Para além da pistolagem
Pistoleiros sendo presos
O judiciário ordenou a reintegração de posse da Área 10 de maio, no município de Monte Negro, onde vivem e trabalham cerca de cem famílias que tomaram a fazenda Formosa, parte da Gleba Rio Alto, terra pública “destinada à reforma agrária”, grilada por latifundiários. A polícia marcou para o dia 16/2 uma reunião com representantes camponeses e o latifundiário Caubi Moreira Quito, mandante confesso de pistolagem, conforme já noticiamos em edições anteriores do AND. De 18/01 a 04/02, 4 acampamentos foram despejados no Vale do Jamari e no Sul de Rondônia. Camponeses do Canaã e áreas vizinhas, em Ariquemes, sofreram com patrulhas rurais arbitrárias da PM.
Convite aos democratas: barrar os ataques fascistas!
Mãe de jovem camponês desaparecido exige justiça
A situação é gravíssima e a LCP alerta pra o fato de que está em curso o preparativo para uma grande onda de prisões e repressão ao movimento camponês no estado. Uma série de outros acontecimentos se desenrolou em pleno fechamento desta edição de AND. Estes fatos merecerão outras matérias em edições futuras.
Em 23 de fevereiro, em Jaru, Rondônia, será realizado um ato contra as perseguições, reintegrações de posse, sequestros, torturas e assassinatos de camponeses e lideranças, promovido pela LCP de Rondônia e Amazônia Ocidental.
Dirigentes camponeses e do movimento sindical, estudantes, professores, organizações democráticas e de defesa dos direitos do povo de Rondônia e de diferentes regiões do país participarão deste importante ato que levantará as consignas “Barrar os ataques fascistas à LCP de Rondônia e Amazônia Ocidental!”, “Barrar os grupos de extermínio, esquadrões da morte e assassinatos de camponeses!” e “Barrar a criminalização e a demonização da luta pela terra!”.
Repercutimos esse convite convocando nossos leitores em Rondônia e em outras localidades para responderem ao chamado da LCP apoiando decididamente o movimento camponês em sua luta contra o latifúndio e a repressão fascista. Aos que não puderem comparecer ao ato, suas manifestações de solidariedade podem ser encaminhadas para [email protected].

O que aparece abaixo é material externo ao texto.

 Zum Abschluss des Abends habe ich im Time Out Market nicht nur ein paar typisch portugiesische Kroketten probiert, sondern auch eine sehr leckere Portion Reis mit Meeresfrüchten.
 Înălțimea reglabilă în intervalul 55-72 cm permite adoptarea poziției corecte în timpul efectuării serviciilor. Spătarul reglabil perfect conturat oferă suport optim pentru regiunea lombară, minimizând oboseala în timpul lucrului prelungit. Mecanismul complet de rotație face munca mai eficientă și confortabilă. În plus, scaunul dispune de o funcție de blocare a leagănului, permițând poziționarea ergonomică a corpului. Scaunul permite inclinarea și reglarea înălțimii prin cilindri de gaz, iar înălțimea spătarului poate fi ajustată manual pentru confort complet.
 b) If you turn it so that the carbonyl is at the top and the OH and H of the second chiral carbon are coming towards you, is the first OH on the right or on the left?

Coronel Ênedy e o terror no campo em Rondônia
O coronel Ênedy de Araújo é um personagem conhecido na repressão às massas camponesas em luta pela terra em Rondônia. Em várias edições do AND registramos seus serviços ao velho Estado que marcaram sua trajetória até que assumisse, recentemente, o comando geral da PM-RO. Sua indicação para este posto ocorre no momento em que as classes dominantes se organizam na tentativa de aniquilar as lideranças mais combativas do movimento camponês para tentar aplastar a luta pela terra no estado.

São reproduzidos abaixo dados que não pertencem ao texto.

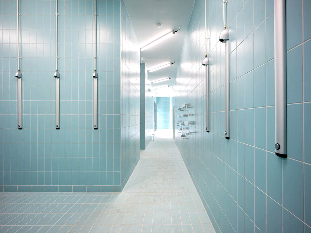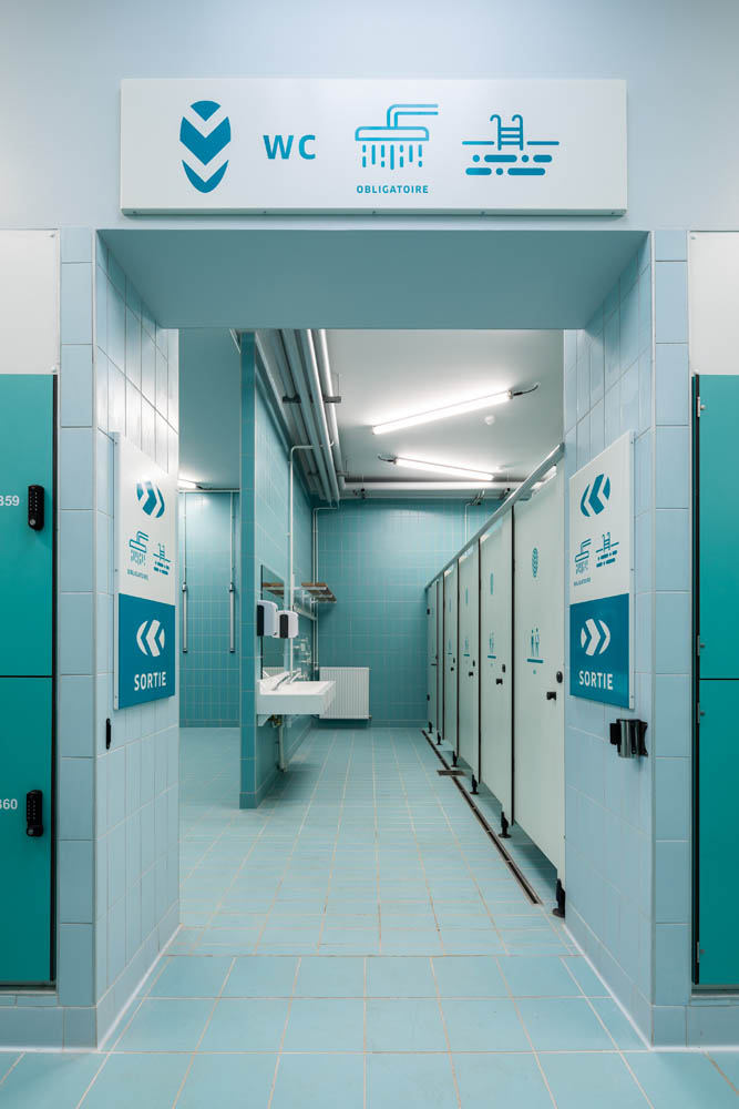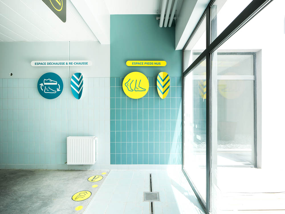 Dasn la halle bassin d’origine, les revêtements intérieurs muraux et en plafond ont pour enjeux d’homogénéiser l’ambiance colorée et visuelle, et d’en améliorer le confort acoustique : éclairage, panneaux acoustiques, sono… dans une palette de matériaux harmonieuse.

Em AND nº 14, já denunciamos a ligação de Ênedy com latifundiários grileiros de terras e suas calúnias proferidas no monopólio de imprensa contra os camponeses em luta e seus apoiadores. Na edição nº 34, registramos que o então major, em depoimento, reconheceu que policiais do seu batalhão faziam a “segurança” de latifundiários locais. Na nº 92, relatamos a prisão arbitrária de 22 camponeses efetuada por policiais do 7º BPM de Ariquemes, comandado por Ênedy. Na nº 129, repercutimos denúncia dos camponeses de que o coronel participou pessoalmente da invasão da casa de Renato Nathan, apreendeu ilegalmente livros e DVDs da liderança camponesa na tentativa de justificar sua execução por policiais (fato que sequer constou no inquérito). E esses são apenas alguns poucos casos que ilustram o papel nefasto do recém-nomeado comandante geral da PM de Rondônia.